In many cases, basic OOP education focuses on data types, variables, methods, arrays and hashes, and classes. There are plenty of good reasons to start with the basics and to become comfortable with these tools before delving deeper into less navigated, turbulent waters. Indeed, some of the oldest human wisdom praises simplicity. However upon achieving a certain level of comfort with the basics, a programmer should look forward in order to continue growing. Consequently, the basics become building blocks which allow programmers to engage with other, elaborately designed libraries and frameworks. Generally, the better that a person understands the basics of any topic, the easier new and complicated topics will be to understand. Certainly the purpose of this article is not to propose that novice programmers should learn basic skills any less; to the contrary they are an indispensable part of programming.

However, in and of themselves, in their most basic forms, they do not cover all of the situations that software engineers face in the field — err, on the computer screen.
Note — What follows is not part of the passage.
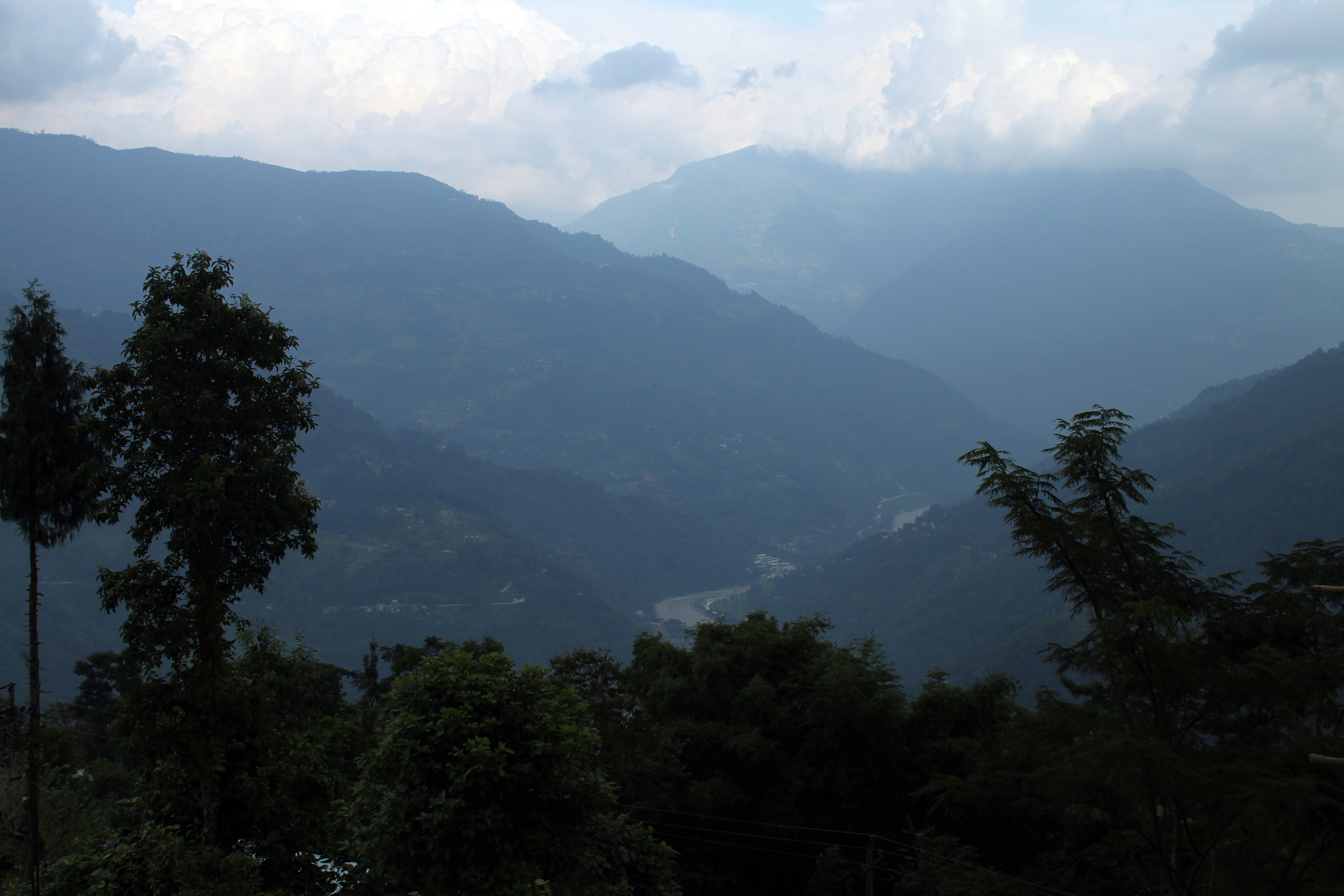 Misty Himalayan foothills

So if the basics are so good but they do not provide enough functionality to cover every single design implementation, what pray tell is a coder to do? Its funny you should ask! There are some use cases that demand more flexibility when creating objects, functions, and classes within software applications. In this article, I would like to explore a few of OOPs shortcomings and afterwards provide a broad and basic introduction into some tools that Ruby gives us which augment the default functionality of the most basic building blocks of OOP: Procs, Modules and Mixins.
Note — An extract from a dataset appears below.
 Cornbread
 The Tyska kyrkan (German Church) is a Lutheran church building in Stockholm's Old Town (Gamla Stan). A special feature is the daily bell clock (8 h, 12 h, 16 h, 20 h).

Let’s explore some of the disadvantages of OOP

Often times Object Oriented Programming is pitched as an ostensible paragon of problem-solving power and engineering might. However, before OOP, there were other paradigms used in the computer science field, such as Procedural or Functional programming, for example. In fact, there may be a set of problems where procedural programming is more efficient for solving than object-oriented programming. So if there are at least two schools of thought about how to program and the mere existence of both of them suggests that they were developed to solve a particular set of problems, it stands to reason that at least some trade offs exist between them, and by extension disadvantages to OOP.

The short comings with OOP are conceptual, stylistic, and architectural. It is no secret that Object Oriented Programming can be confusing and consequently have a steep learning curve. It requires time to get used to how to solve problems from this approach since how objects are created and other details may not seem logical at first. Additionally, object oriented design can be verbose. It astounds me the amount of packages and files and directories that a convention-fitting program needs to have to do relatively simple tasks. Another way to think of this is overhead. Programs will frequently become bigger than we, as programmers, originally intended. Consequently, program efficiency and performance can suffer due to its own size and architecture. Even, inheritance — one of OOPs defining features — has its shortcomings with certain edge cases where a member of a Class family has or lacks certain attributes common to its own hierarchy, but that it shares with another, unrelated class.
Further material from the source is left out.